━━ Data for this exercise ━━

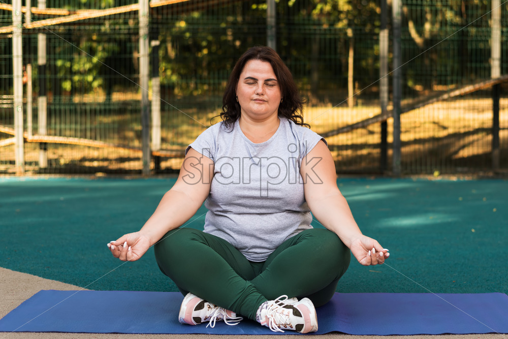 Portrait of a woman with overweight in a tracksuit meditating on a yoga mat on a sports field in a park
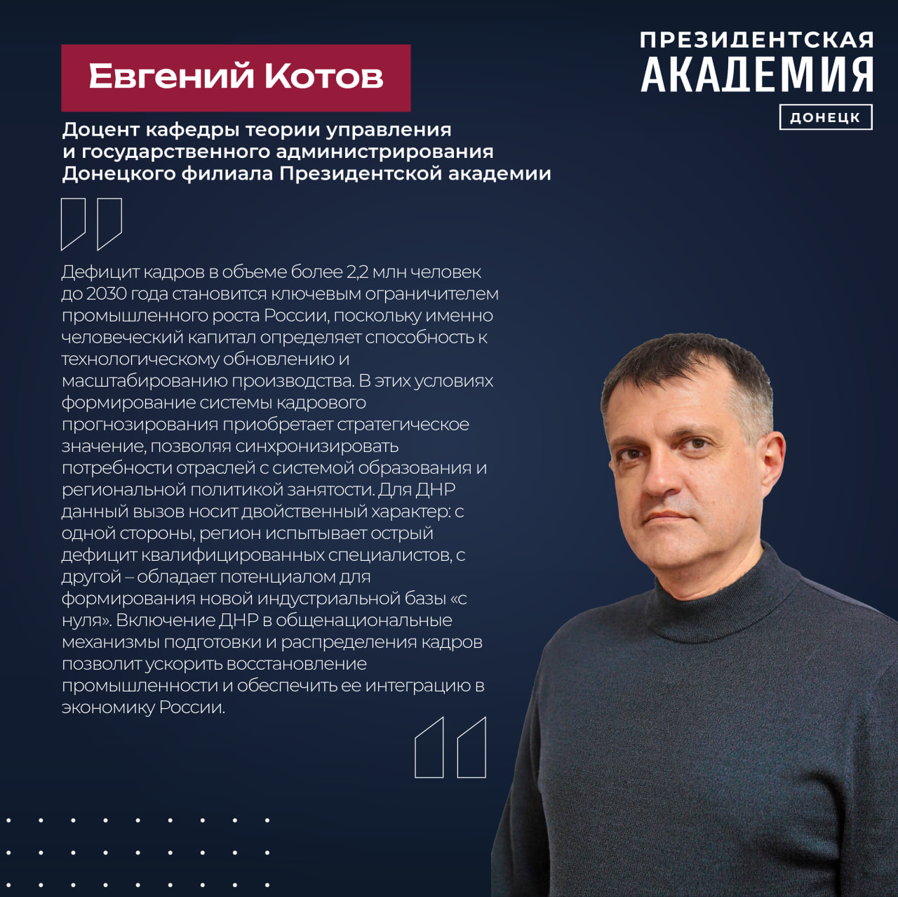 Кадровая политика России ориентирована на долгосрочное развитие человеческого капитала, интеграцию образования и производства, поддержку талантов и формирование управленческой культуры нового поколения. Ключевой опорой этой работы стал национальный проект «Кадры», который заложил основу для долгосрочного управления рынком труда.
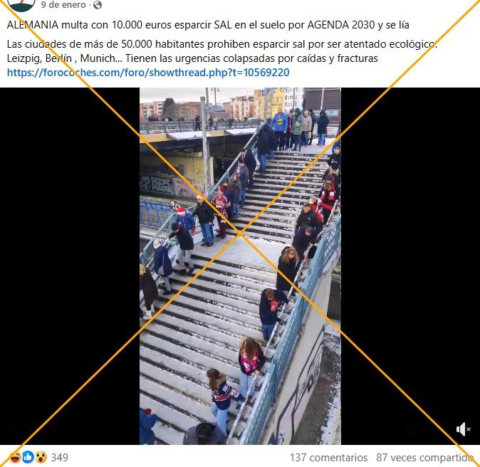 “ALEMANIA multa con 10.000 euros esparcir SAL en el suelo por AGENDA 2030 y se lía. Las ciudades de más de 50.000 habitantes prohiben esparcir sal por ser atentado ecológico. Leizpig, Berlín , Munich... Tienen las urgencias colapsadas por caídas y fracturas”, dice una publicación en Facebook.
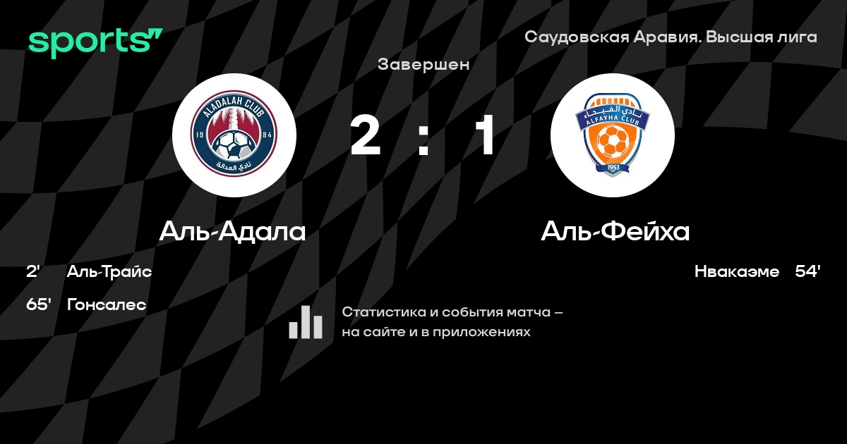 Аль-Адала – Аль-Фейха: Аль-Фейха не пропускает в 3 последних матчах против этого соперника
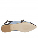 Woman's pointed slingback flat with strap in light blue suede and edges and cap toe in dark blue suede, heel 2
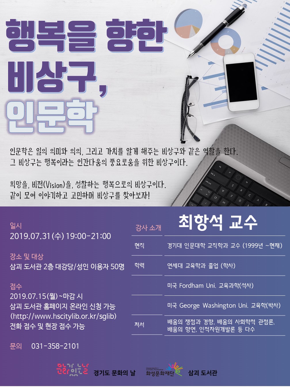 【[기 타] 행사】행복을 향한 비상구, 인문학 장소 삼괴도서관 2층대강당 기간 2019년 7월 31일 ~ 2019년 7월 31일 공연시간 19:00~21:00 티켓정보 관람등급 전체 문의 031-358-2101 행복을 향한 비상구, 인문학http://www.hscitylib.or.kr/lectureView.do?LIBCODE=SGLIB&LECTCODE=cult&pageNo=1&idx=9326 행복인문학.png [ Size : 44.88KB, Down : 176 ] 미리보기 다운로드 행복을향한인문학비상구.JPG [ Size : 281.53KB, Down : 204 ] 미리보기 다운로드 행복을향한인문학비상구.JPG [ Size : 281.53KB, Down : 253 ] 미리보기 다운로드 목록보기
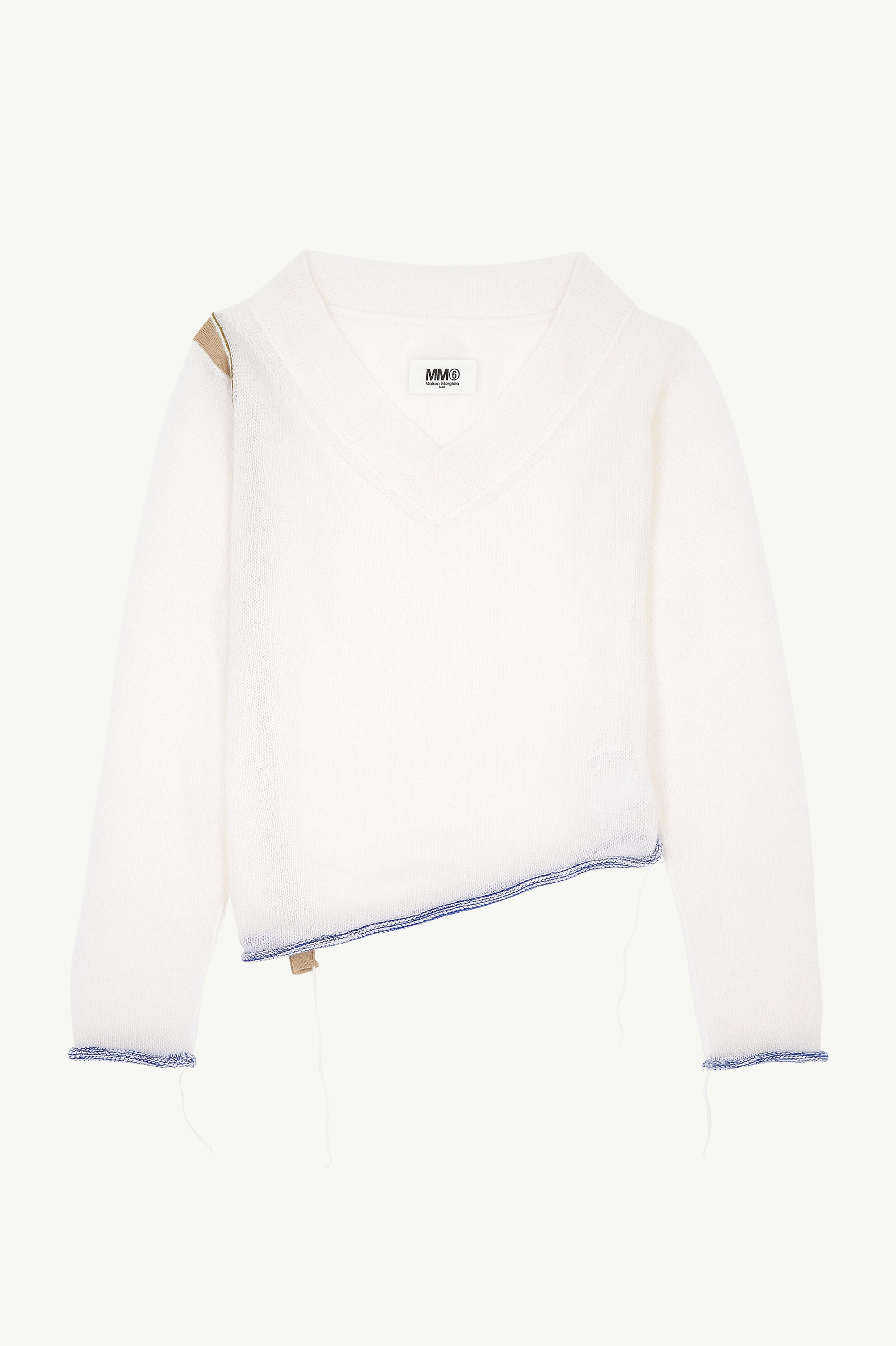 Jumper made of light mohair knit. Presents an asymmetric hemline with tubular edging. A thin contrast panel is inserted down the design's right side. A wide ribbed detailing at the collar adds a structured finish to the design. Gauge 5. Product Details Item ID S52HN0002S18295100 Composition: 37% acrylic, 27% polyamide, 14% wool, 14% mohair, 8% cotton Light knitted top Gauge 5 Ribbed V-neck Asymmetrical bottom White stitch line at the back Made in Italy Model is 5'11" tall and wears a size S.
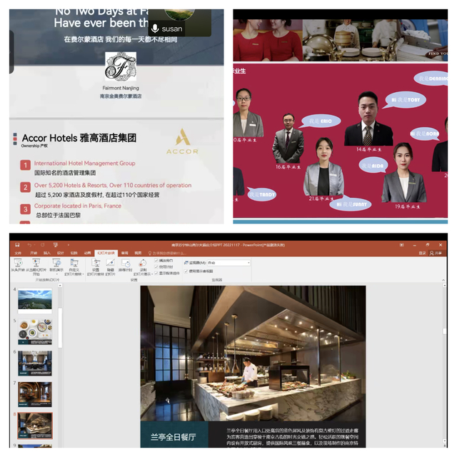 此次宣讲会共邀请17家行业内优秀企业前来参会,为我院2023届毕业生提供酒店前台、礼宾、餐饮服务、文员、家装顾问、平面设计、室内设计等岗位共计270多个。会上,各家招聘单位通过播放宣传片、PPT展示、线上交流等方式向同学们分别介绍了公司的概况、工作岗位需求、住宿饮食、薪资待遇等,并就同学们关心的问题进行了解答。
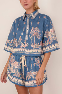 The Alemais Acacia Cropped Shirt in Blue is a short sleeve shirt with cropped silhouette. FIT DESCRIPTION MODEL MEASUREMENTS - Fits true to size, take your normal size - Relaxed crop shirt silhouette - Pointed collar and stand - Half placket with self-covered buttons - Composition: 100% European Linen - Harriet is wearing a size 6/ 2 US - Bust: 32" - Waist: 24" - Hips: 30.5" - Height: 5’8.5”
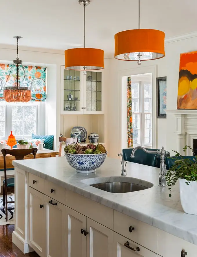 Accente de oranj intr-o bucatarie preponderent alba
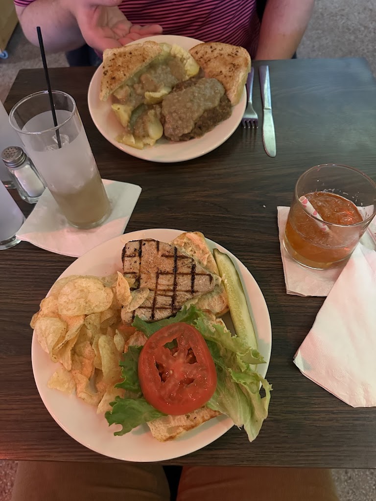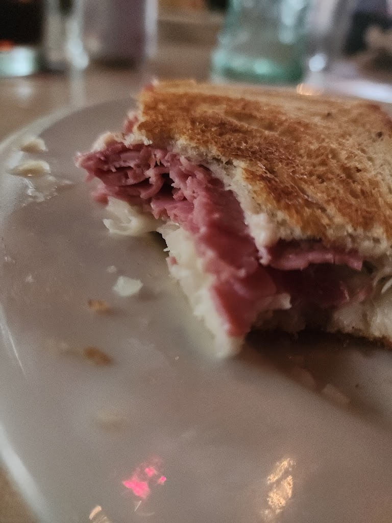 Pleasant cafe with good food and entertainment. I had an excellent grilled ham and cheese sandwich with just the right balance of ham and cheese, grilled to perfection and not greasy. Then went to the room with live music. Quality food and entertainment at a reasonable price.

━━━

Prompt —
Set down every record exactly, without the pictures.

Solution for this exercise —
 Portrait of a woman with overweight in a tracksuit meditating on a yoga mat on a sports field in a park
 Кадровая политика России ориентирована на долгосрочное развитие человеческого капитала, интеграцию образования и производства, поддержку талантов и формирование управленческой культуры нового поколения. Ключевой опорой этой работы стал национальный проект «Кадры», который заложил основу для долгосрочного управления рынком труда.
 “ALEMANIA multa con 10.000 euros esparcir SAL en el suelo por AGENDA 2030 y se lía. Las ciudades de más de 50.000 habitantes prohiben esparcir sal por ser atentado ecológico. Leizpig, Berlín , Munich... Tienen las urgencias colapsadas por caídas y fracturas”, dice una publicación en Facebook.
 Аль-Адала – Аль-Фейха: Аль-Фейха не пропускает в 3 последних матчах против этого соперника
 Woman's pointed slingback flat with strap in light blue suede and edges and cap toe in dark blue suede, heel 2
 【[기 타] 행사】행복을 향한 비상구, 인문학 장소 삼괴도서관 2층대강당 기간 2019년 7월 31일 ~ 2019년 7월 31일 공연시간 19:00~21:00 티켓정보 관람등급 전체 문의 031-358-2101 행복을 향한 비상구, 인문학http://www.hscitylib.or.kr/lectureView.do?LIBCODE=SGLIB&LECTCODE=cult&pageNo=1&idx=9326 행복인문학.png [ Size : 44.88KB, Down : 176 ] 미리보기 다운로드 행복을향한인문학비상구.JPG [ Size : 281.53KB, Down : 204 ] 미리보기 다운로드 행복을향한인문학비상구.JPG [ Size : 281.53KB, Down : 253 ] 미리보기 다운로드 목록보기
 Jumper made of light mohair knit. Presents an asymmetric hemline with tubular edging. A thin contrast panel is inserted down the design's right side. A wide ribbed detailing at the collar adds a structured finish to the design. Gauge 5. Product Details Item ID S52HN0002S18295100 Composition: 37% acrylic, 27% polyamide, 14% wool, 14% mohair, 8% cotton Light knitted top Gauge 5 Ribbed V-neck Asymmetrical bottom White stitch line at the back Made in Italy Model is 5'11" tall and wears a size S.
 此次宣讲会共邀请17家行业内优秀企业前来参会,为我院2023届毕业生提供酒店前台、礼宾、餐饮服务、文员、家装顾问、平面设计、室内设计等岗位共计270多个。会上,各家招聘单位通过播放宣传片、PPT展示、线上交流等方式向同学们分别介绍了公司的概况、工作岗位需求、住宿饮食、薪资待遇等,并就同学们关心的问题进行了解答。
 The Alemais Acacia Cropped Shirt in Blue is a short sleeve shirt with cropped silhouette. FIT DESCRIPTION MODEL MEASUREMENTS - Fits true to size, take your normal size - Relaxed crop shirt silhouette - Pointed collar and stand - Half placket with self-covered buttons - Composition: 100% European Linen - Harriet is wearing a size 6/ 2 US - Bust: 32" - Waist: 24" - Hips: 30.5" - Height: 5’8.5”
 Accente de oranj intr-o bucatarie preponderent alba
 Pleasant cafe with good food and entertainment. I had an excellent grilled ham and cheese sandwich with just the right balance of ham and cheese, grilled to perfection and not greasy. Then went to the room with live music. Quality food and entertainment at a reasonable price.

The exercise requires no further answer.